If __name__ is equal to "__main__":
run_tutorial()
Initialize the tutorial using a main block. The demonstration is run and we can see the complete meta-reasoning system in action. While we are executing this we finish the journey of a design into a fully functional adaptive agent.
As a conclusion, we can see that building a meta reasoning agent allows us move away from fixed patterns of responses towards adaptive intelligence. The agent is observed analyzing each query and selecting the best reasoning mode. It then executes this efficiently, while monitoring its performance. Through the design and experimentation of these components, practical insights are gained into how agents with advanced capabilities can optimize their effort, self-regulate and achieve better outcomes.

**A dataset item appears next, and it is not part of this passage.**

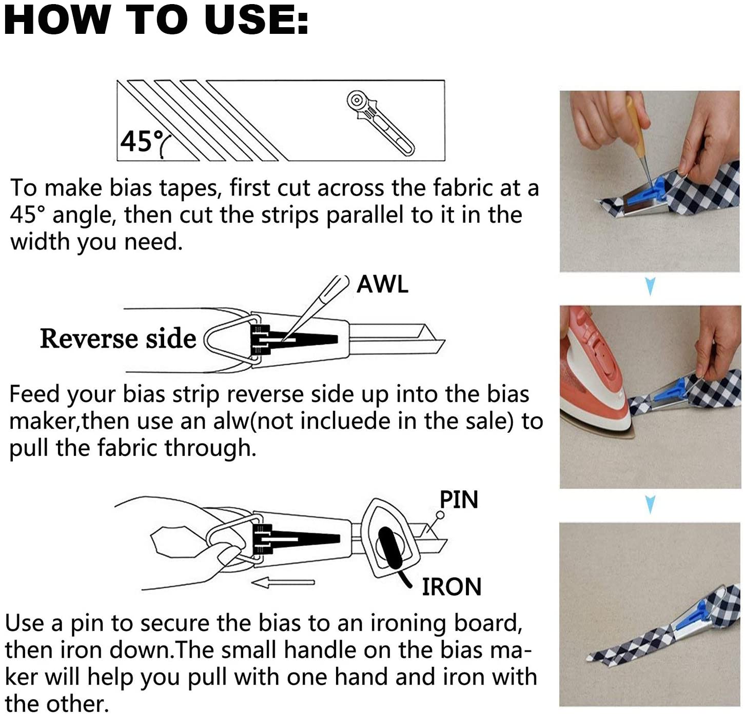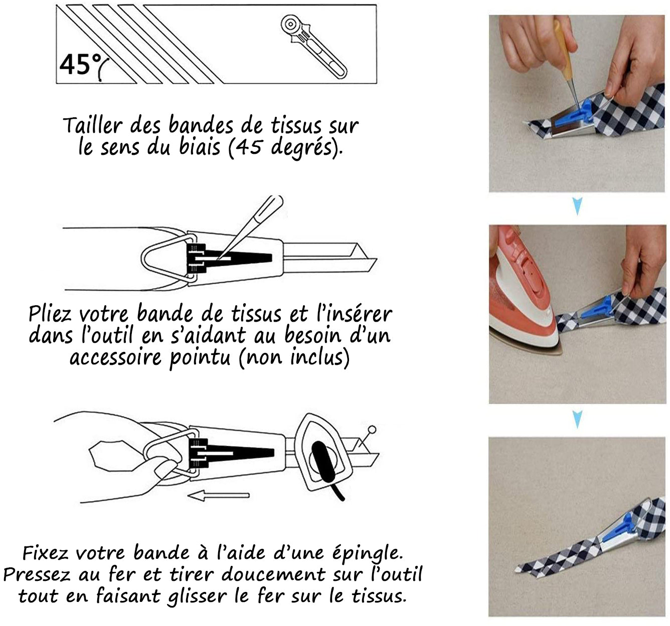 Permet de créer facilement des bandes de biais à largeur uniforme. Vous tirez le tissu à travers et pressez au fer et la bande sera pliée en deux moitiés parfaites.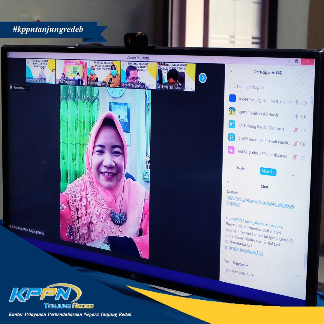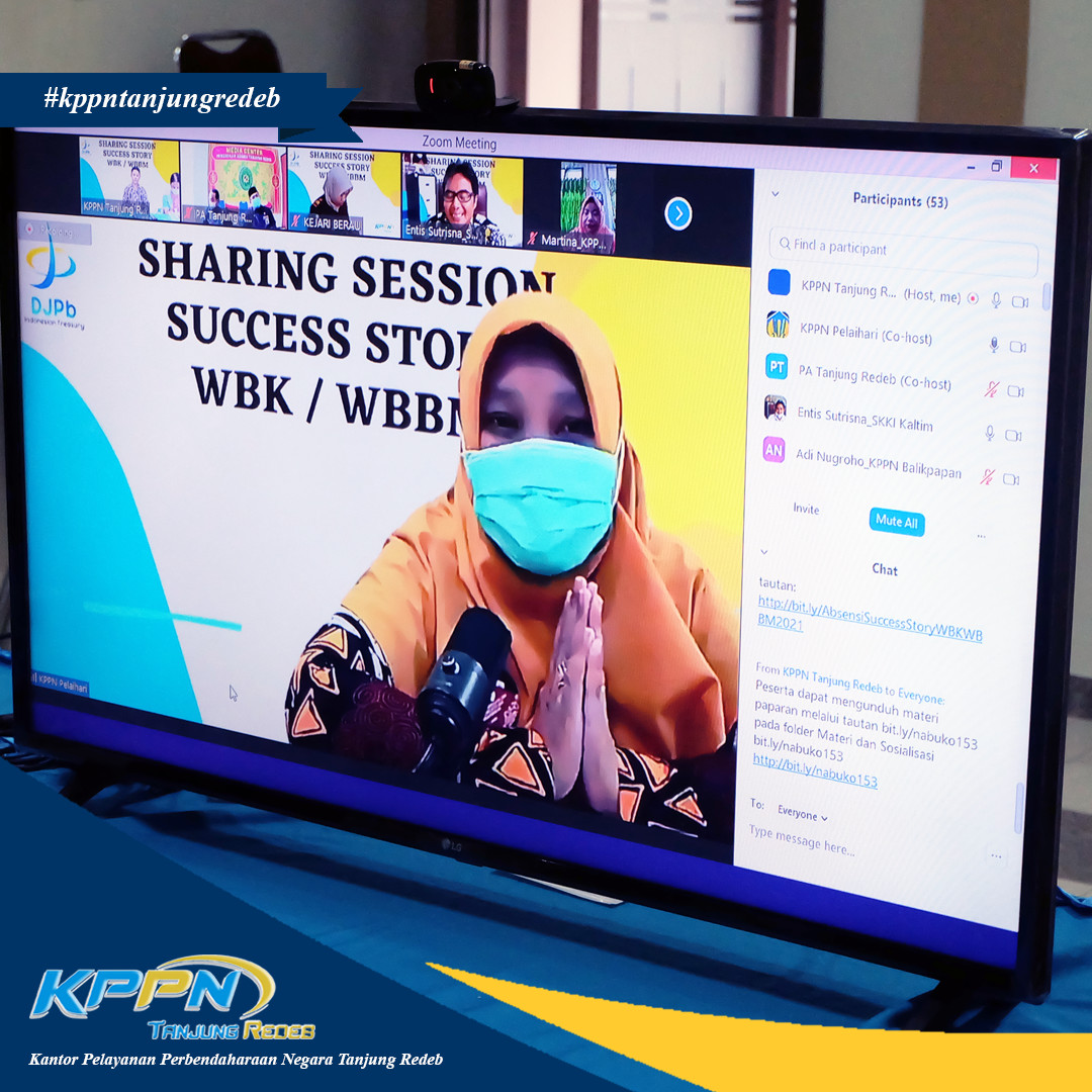 Dalam rangka persiapan penilaian unit kerja berpredikat Wilayah Birokrasi Bersih Melayani (WBBM) tahun 2021, KPPN Tanjung Redeb mengadakan Sharing Session Success Story WBK/WBBM bersama dengan KPPN Pelaihari dan Pengadilan Agama Tanjung Redeb pada tanggal 26 Januari 2021.

Click here to find out more FULL CODE NOTEBOOK. Check out our GitHub Page for Tutorials, Codes and Notebooks. Also, feel free to follow us on Twitter Join our Facebook group! 100k+ ML SubReddit Subscribe Now our Newsletter. Wait! Are you using Telegram? now you can join us on telegram as well.

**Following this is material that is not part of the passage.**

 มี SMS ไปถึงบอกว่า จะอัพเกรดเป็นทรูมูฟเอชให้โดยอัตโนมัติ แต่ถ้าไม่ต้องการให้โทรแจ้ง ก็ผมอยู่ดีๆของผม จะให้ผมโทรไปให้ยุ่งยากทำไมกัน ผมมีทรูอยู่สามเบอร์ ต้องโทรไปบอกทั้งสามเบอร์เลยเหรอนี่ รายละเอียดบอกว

Asif Razzaq serves as the CEO at Marktechpost Media Inc. As an entrepreneur, Asif has a passion for harnessing Artificial Intelligence to benefit society. Marktechpost is his latest venture, a media platform that focuses on Artificial Intelligence. It is known for providing in-depth news coverage about machine learning, deep learning, and other topics. The content is technically accurate and easy to understand by an audience of all backgrounds. This platform has over 2,000,000 monthly views which shows its popularity.